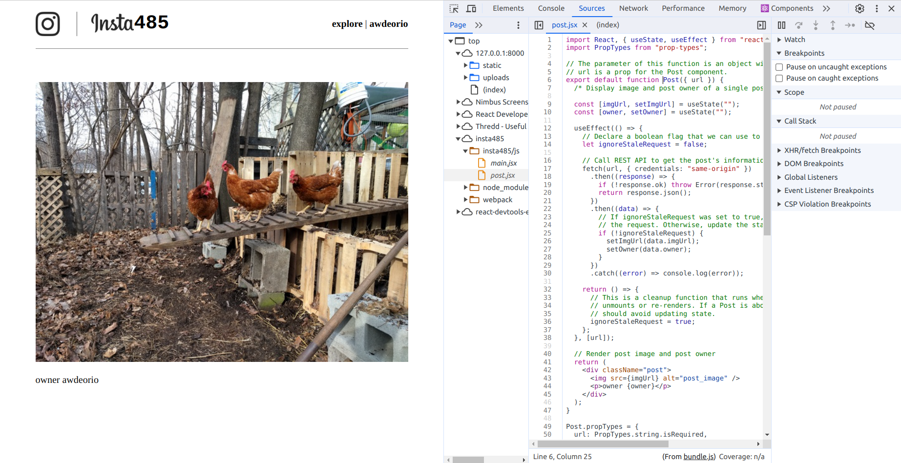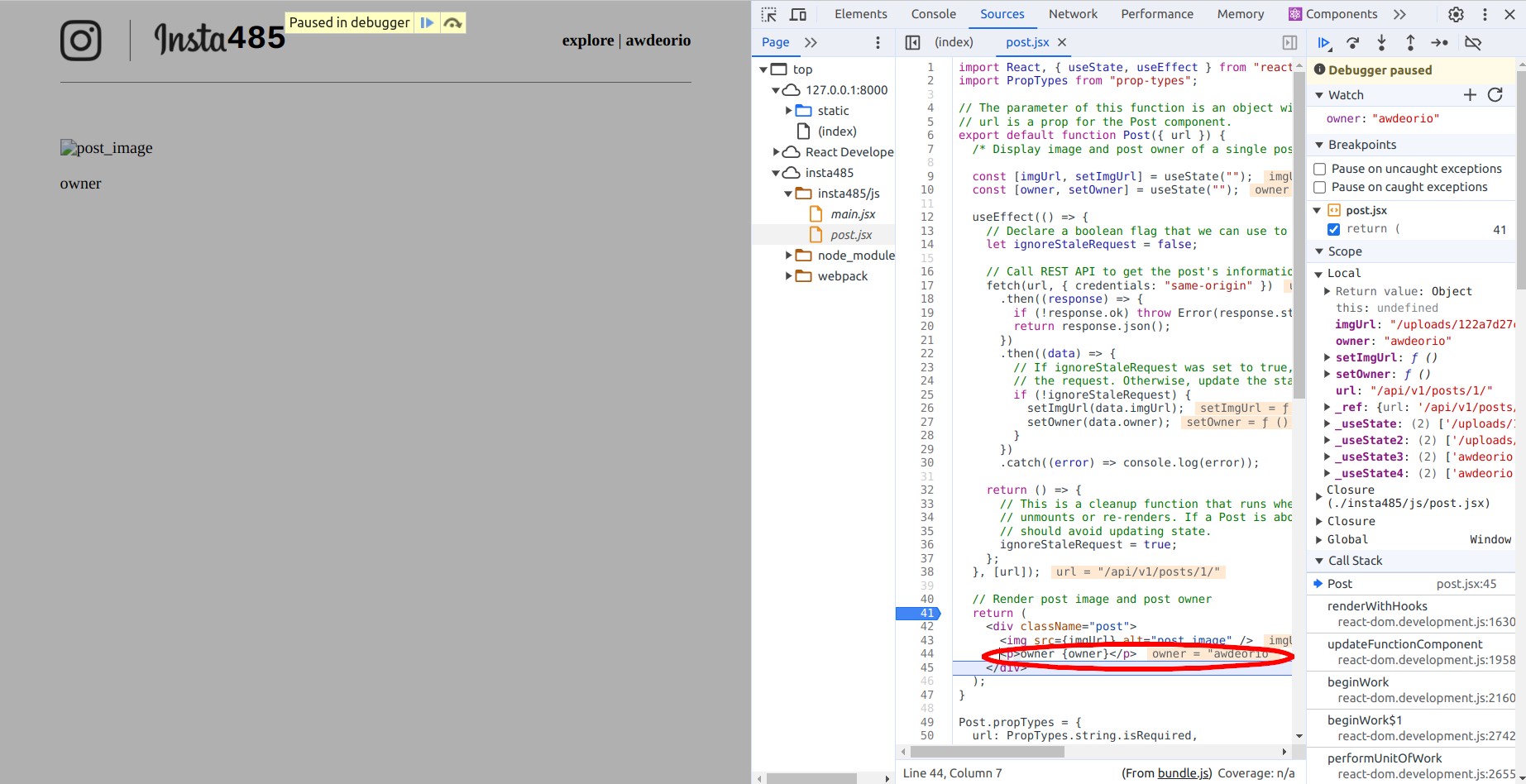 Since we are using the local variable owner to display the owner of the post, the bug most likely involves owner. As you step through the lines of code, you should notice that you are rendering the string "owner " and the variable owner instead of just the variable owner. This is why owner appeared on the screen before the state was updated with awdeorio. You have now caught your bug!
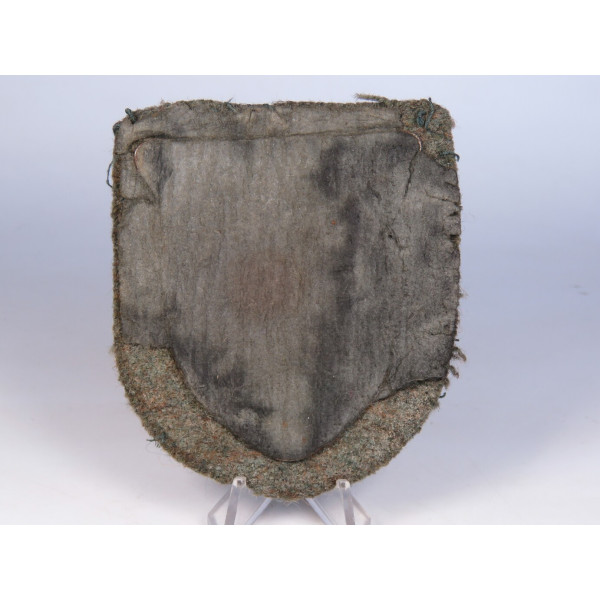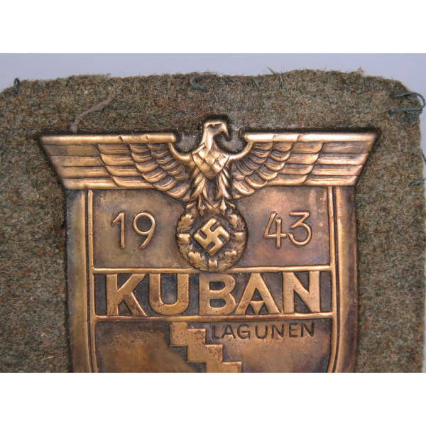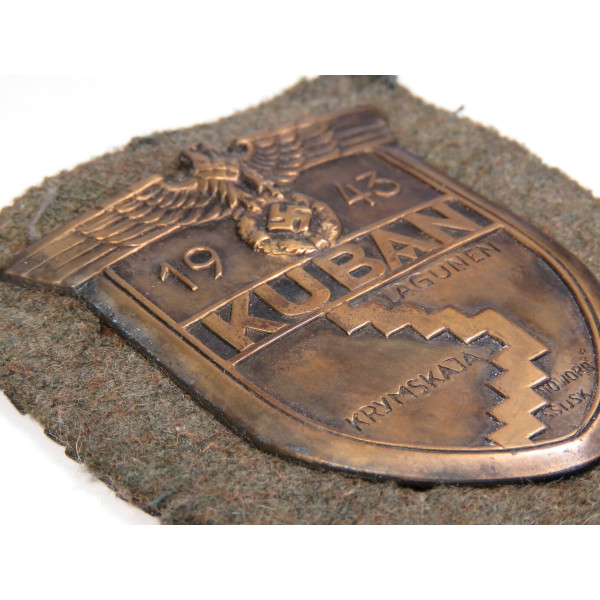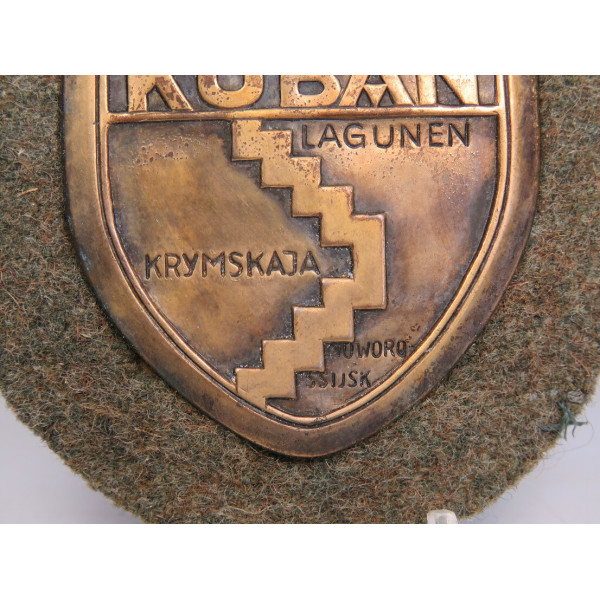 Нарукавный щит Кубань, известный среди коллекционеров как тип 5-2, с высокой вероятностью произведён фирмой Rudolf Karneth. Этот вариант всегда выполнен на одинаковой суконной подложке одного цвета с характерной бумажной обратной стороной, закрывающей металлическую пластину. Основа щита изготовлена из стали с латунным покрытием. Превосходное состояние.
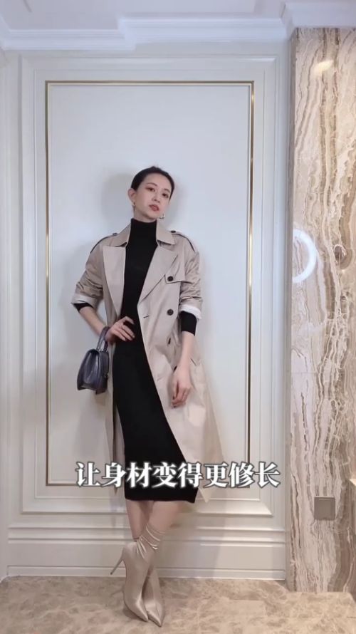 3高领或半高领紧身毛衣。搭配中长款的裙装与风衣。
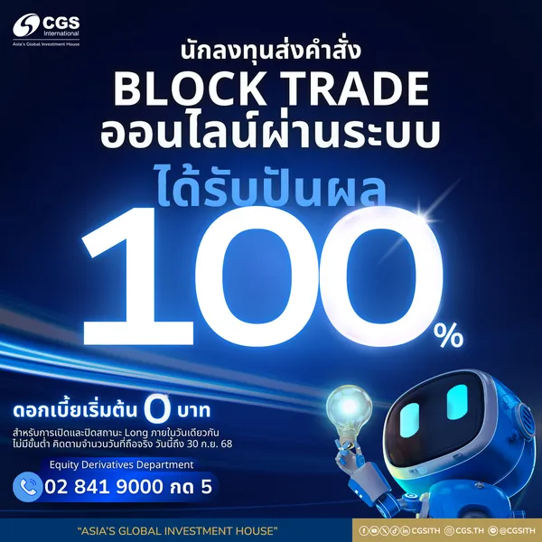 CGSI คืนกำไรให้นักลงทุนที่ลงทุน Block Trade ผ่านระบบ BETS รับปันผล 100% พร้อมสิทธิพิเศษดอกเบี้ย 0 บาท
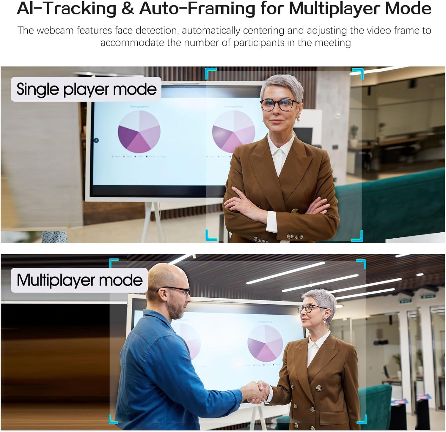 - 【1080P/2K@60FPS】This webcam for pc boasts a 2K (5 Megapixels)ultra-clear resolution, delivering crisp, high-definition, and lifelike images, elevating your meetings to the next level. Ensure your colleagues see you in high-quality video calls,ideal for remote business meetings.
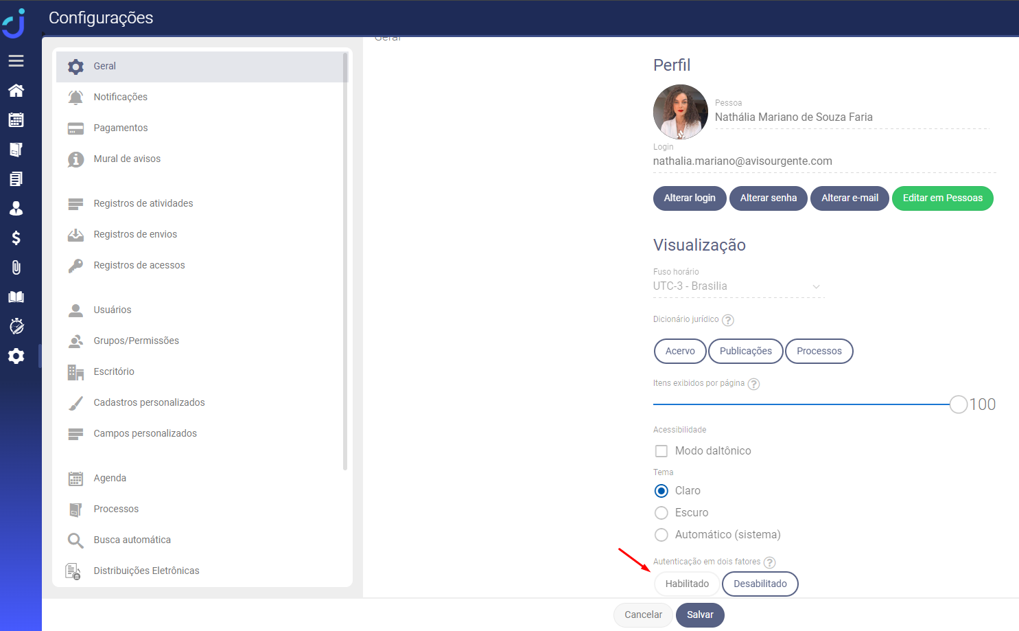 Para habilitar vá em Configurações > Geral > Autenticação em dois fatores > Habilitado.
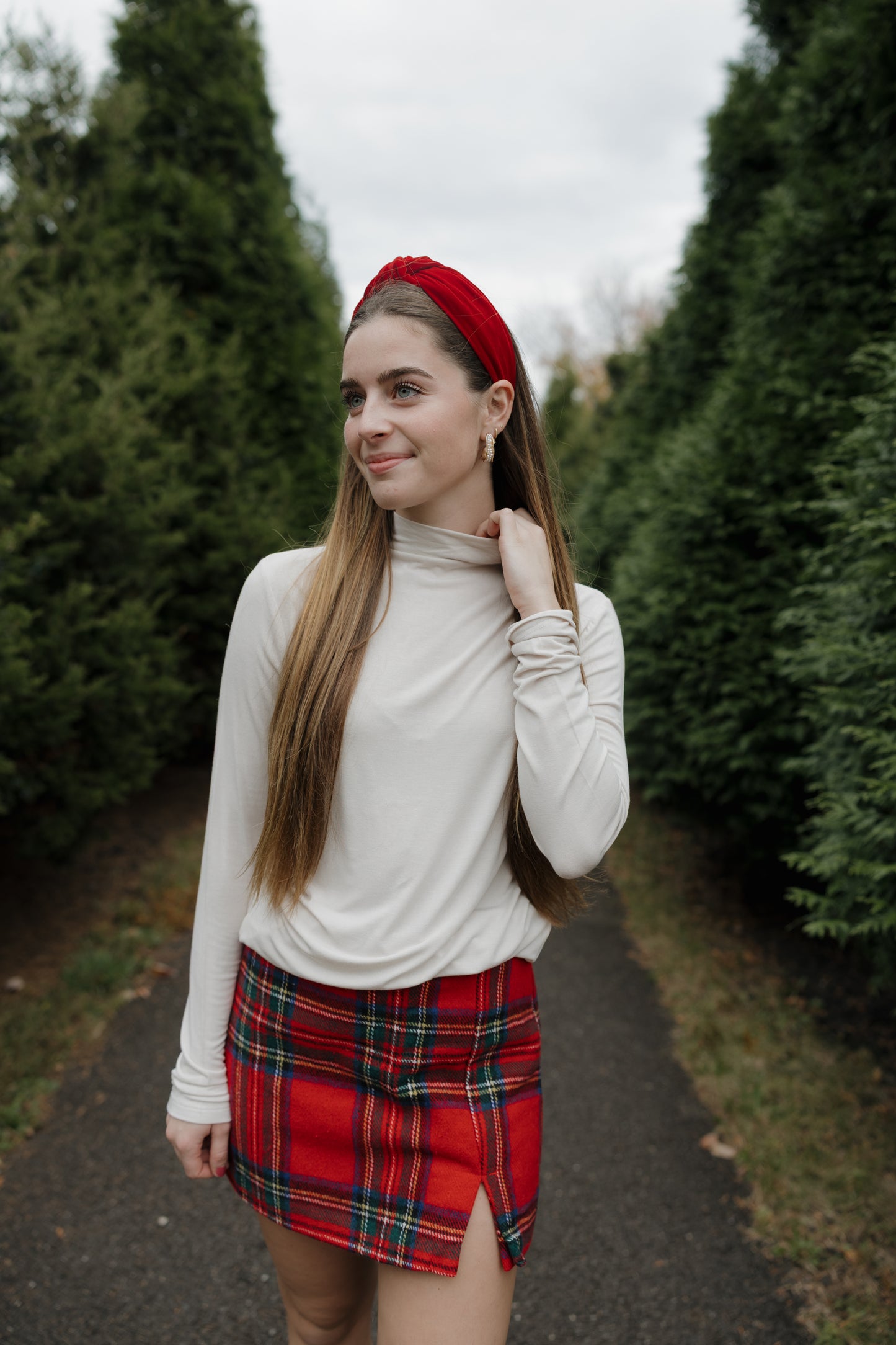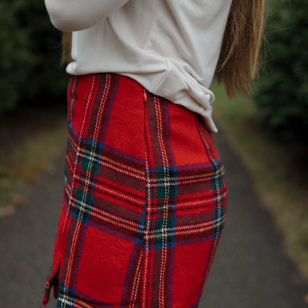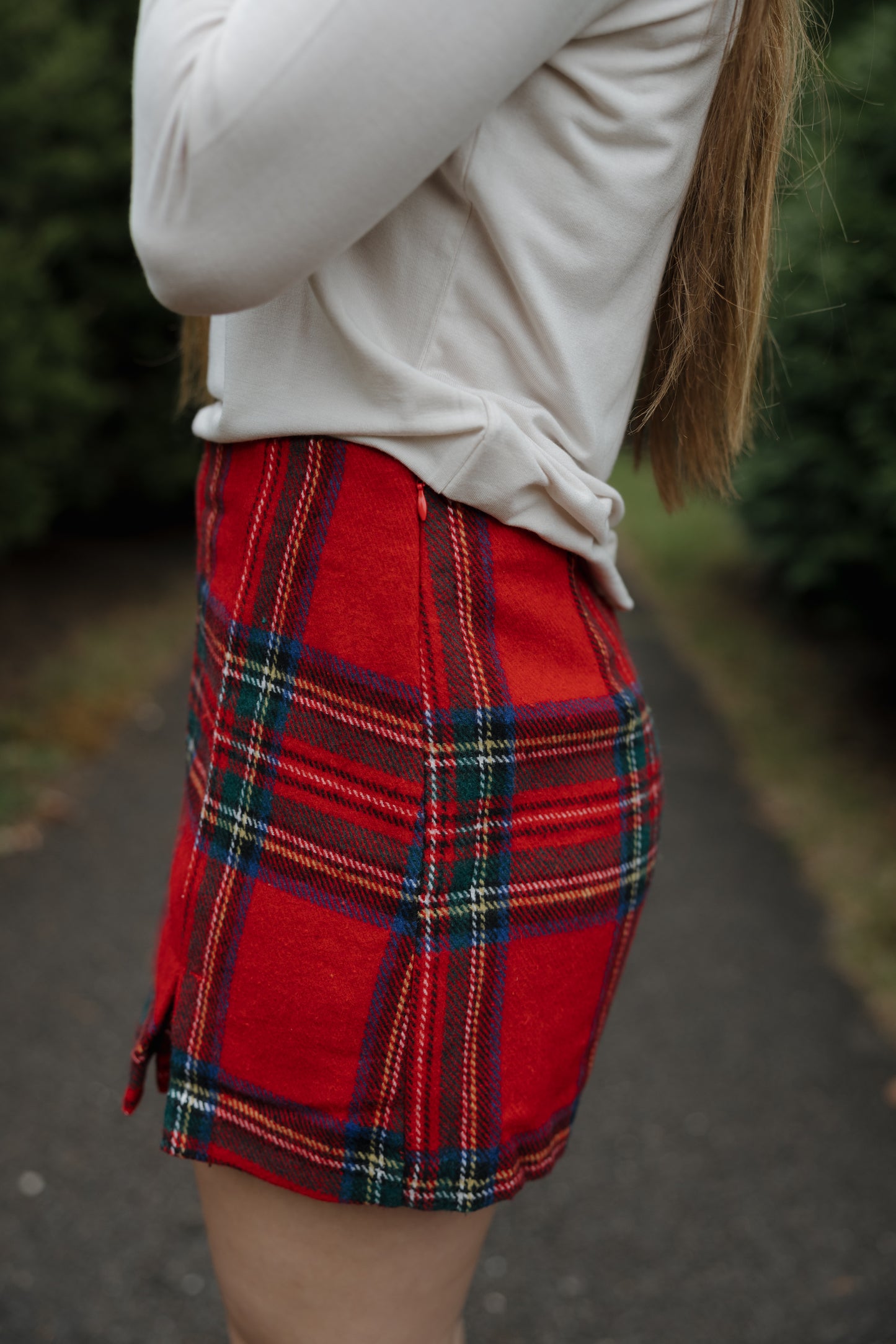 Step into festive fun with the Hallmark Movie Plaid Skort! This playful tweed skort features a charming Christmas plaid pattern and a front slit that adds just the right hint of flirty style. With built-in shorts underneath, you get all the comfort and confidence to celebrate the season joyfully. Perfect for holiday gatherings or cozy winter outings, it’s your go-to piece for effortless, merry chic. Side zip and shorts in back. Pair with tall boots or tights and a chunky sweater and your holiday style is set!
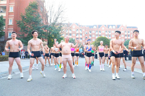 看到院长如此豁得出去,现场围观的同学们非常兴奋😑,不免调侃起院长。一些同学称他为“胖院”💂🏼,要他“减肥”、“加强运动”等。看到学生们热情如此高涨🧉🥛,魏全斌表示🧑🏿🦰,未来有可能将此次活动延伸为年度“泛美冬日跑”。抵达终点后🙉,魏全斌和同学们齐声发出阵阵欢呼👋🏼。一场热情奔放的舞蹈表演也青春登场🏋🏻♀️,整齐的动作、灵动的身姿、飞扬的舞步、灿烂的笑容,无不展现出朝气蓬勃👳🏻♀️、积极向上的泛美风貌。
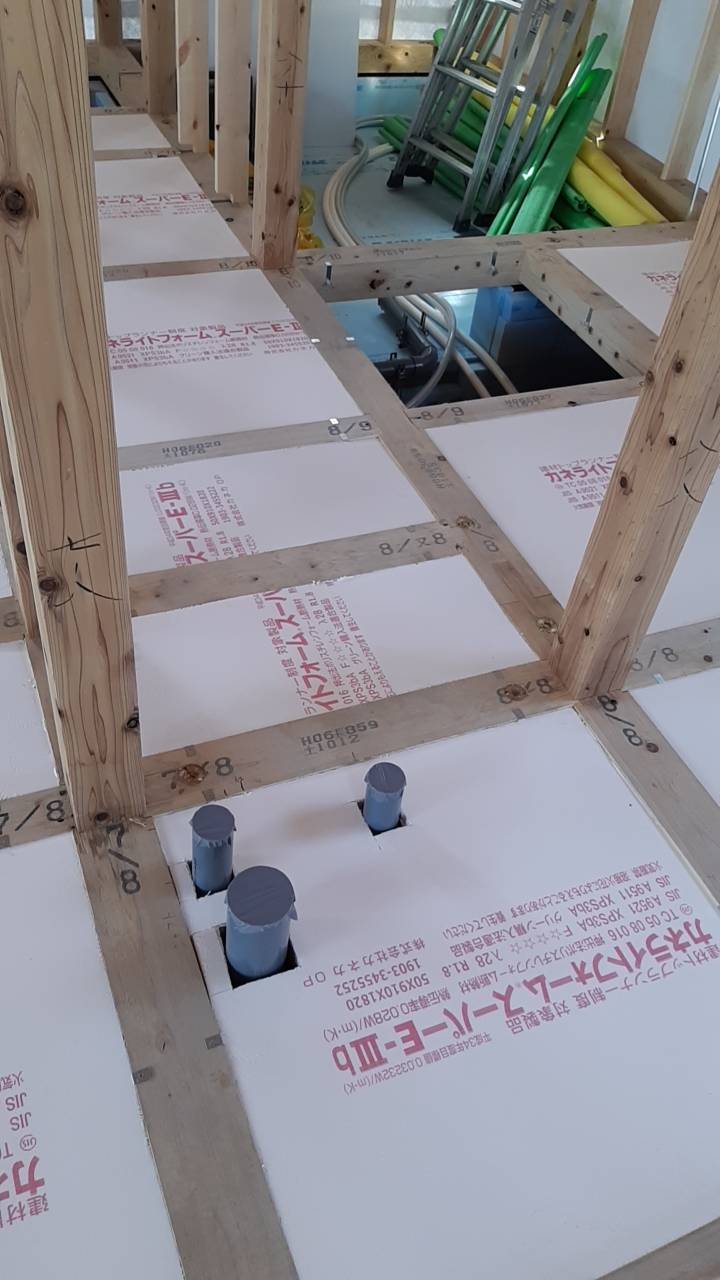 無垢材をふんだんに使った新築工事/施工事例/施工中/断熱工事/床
========================================================================
* **ABOUT THIS TASK**: Within the entries above, give again exactly the lines starting at the one that contains "CGSI คืนกำไรให้นักลงทุนที่ลงทุน Block" and ending at the one that contains "Para habilitar vá", leaving out the pictures.

* **EXERCISE ANSWER**:
 CGSI คืนกำไรให้นักลงทุนที่ลงทุน Block Trade ผ่านระบบ BETS รับปันผล 100% พร้อมสิทธิพิเศษดอกเบี้ย 0 บาท
 - 【1080P/2K@60FPS】This webcam for pc boasts a 2K (5 Megapixels)ultra-clear resolution, delivering crisp, high-definition, and lifelike images, elevating your meetings to the next level. Ensure your colleagues see you in high-quality video calls,ideal for remote business meetings.
 Para habilitar vá em Configurações > Geral > Autenticação em dois fatores > Habilitado.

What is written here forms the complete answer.